▸ About this task
Stop at the line that contains "Meticulously maintained and". Until then, set down each line of the records exactly, beginning with the first, and skip pictures.
(Beginning of Data in this exercise)
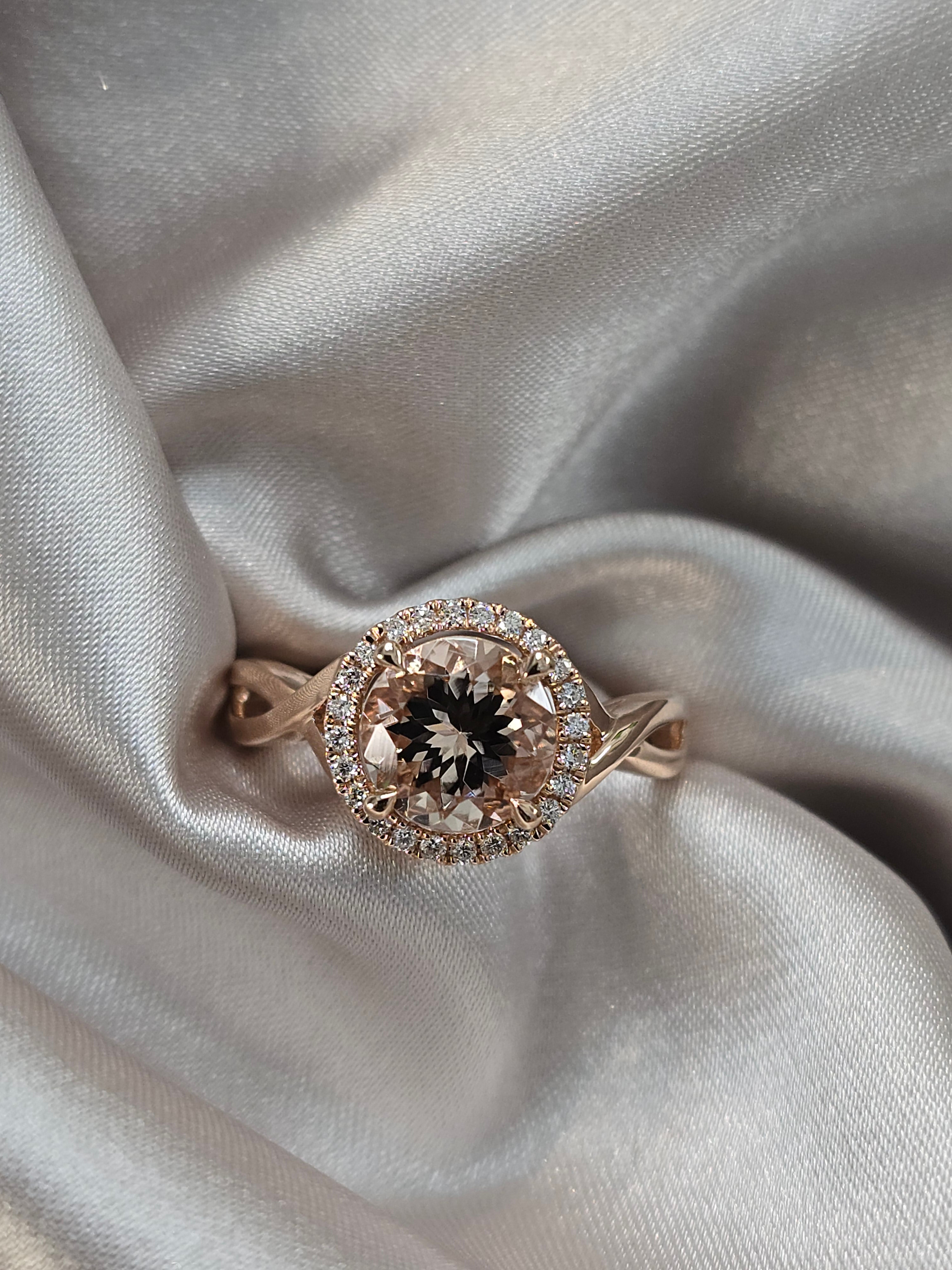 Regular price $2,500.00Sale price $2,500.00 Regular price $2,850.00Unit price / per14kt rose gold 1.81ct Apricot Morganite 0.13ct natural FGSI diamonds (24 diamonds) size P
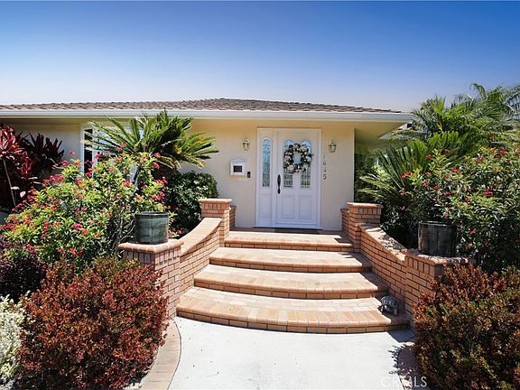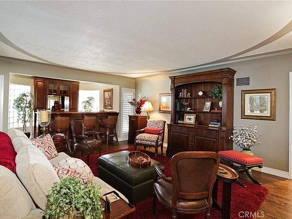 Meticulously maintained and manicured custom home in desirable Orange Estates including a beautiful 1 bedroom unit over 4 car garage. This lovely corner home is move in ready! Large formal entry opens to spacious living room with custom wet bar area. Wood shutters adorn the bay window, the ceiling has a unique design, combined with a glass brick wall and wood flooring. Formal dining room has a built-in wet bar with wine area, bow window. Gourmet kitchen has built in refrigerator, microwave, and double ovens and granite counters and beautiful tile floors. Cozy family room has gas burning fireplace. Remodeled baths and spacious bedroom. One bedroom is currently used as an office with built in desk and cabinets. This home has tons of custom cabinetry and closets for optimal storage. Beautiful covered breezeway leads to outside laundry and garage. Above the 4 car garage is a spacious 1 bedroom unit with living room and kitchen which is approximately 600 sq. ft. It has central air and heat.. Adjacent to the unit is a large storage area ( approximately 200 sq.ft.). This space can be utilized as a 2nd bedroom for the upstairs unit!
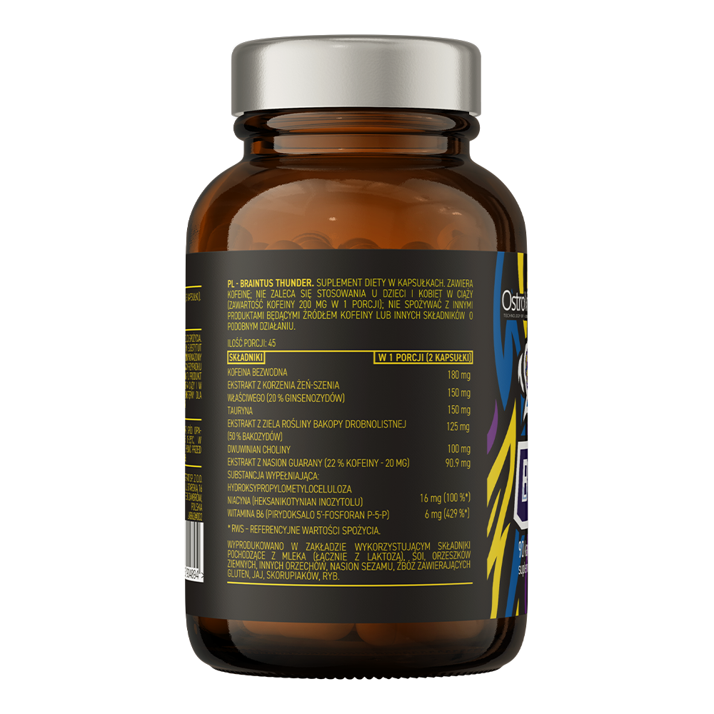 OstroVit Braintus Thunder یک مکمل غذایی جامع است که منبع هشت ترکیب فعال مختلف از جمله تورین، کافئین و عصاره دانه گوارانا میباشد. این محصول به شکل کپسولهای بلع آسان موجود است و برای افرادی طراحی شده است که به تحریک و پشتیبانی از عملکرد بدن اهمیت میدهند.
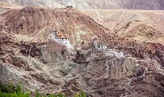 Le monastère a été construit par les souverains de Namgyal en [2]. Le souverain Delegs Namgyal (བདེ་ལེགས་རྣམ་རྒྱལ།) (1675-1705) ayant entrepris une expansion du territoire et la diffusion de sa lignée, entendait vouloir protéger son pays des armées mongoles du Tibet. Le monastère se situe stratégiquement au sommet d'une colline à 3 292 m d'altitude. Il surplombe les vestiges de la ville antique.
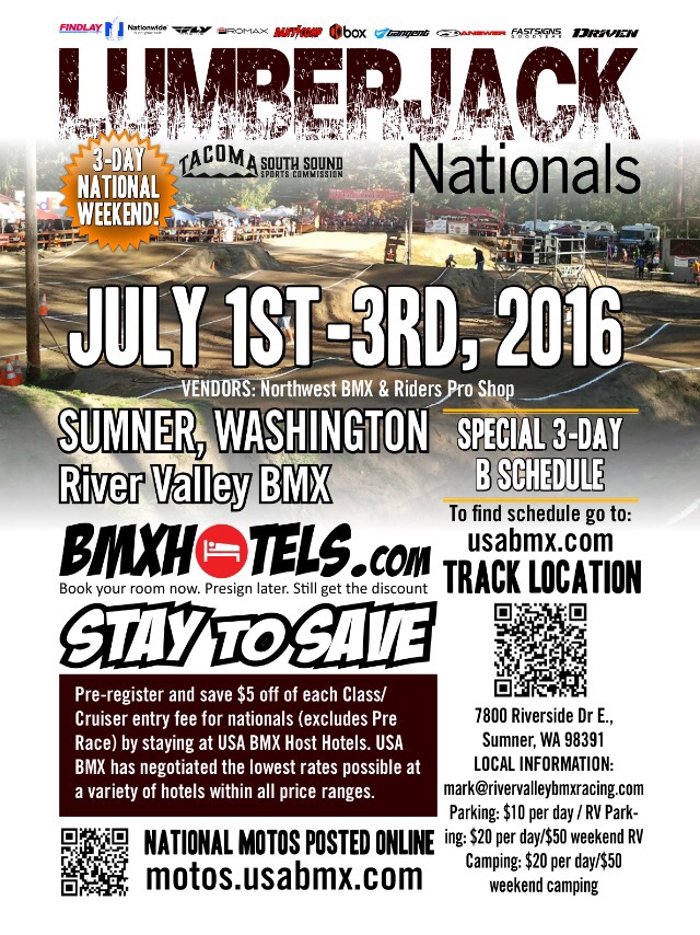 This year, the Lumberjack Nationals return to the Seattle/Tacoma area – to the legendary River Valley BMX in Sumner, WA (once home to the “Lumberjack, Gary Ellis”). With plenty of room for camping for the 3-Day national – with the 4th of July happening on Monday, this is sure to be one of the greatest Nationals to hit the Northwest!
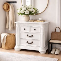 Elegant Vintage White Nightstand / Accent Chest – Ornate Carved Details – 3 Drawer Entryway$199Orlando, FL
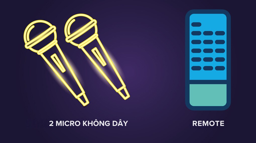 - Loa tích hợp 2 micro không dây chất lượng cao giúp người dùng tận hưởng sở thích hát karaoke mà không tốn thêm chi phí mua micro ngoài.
(End of Data in this exercise)
▸ Expected output
 Regular price $2,500.00Sale price $2,500.00 Regular price $2,850.00Unit price / per14kt rose gold 1.81ct Apricot Morganite 0.13ct natural FGSI diamonds (24 diamonds) size P
 Meticulously maintained and manicured custom home in desirable Orange Estates including a beautiful 1 bedroom unit over 4 car garage. This lovely corner home is move in ready! Large formal entry opens to spacious living room with custom wet bar area. Wood shutters adorn the bay window, the ceiling has a unique design, combined with a glass brick wall and wood flooring. Formal dining room has a built-in wet bar with wine area, bow window. Gourmet kitchen has built in refrigerator, microwave, and double ovens and granite counters and beautiful tile floors. Cozy family room has gas burning fireplace. Remodeled baths and spacious bedroom. One bedroom is currently used as an office with built in desk and cabinets. This home has tons of custom cabinetry and closets for optimal storage. Beautiful covered breezeway leads to outside laundry and garage. Above the 4 car garage is a spacious 1 bedroom unit with living room and kitchen which is approximately 600 sq. ft. It has central air and heat.. Adjacent to the unit is a large storage area ( approximately 200 sq.ft.). This space can be utilized as a 2nd bedroom for the upstairs unit!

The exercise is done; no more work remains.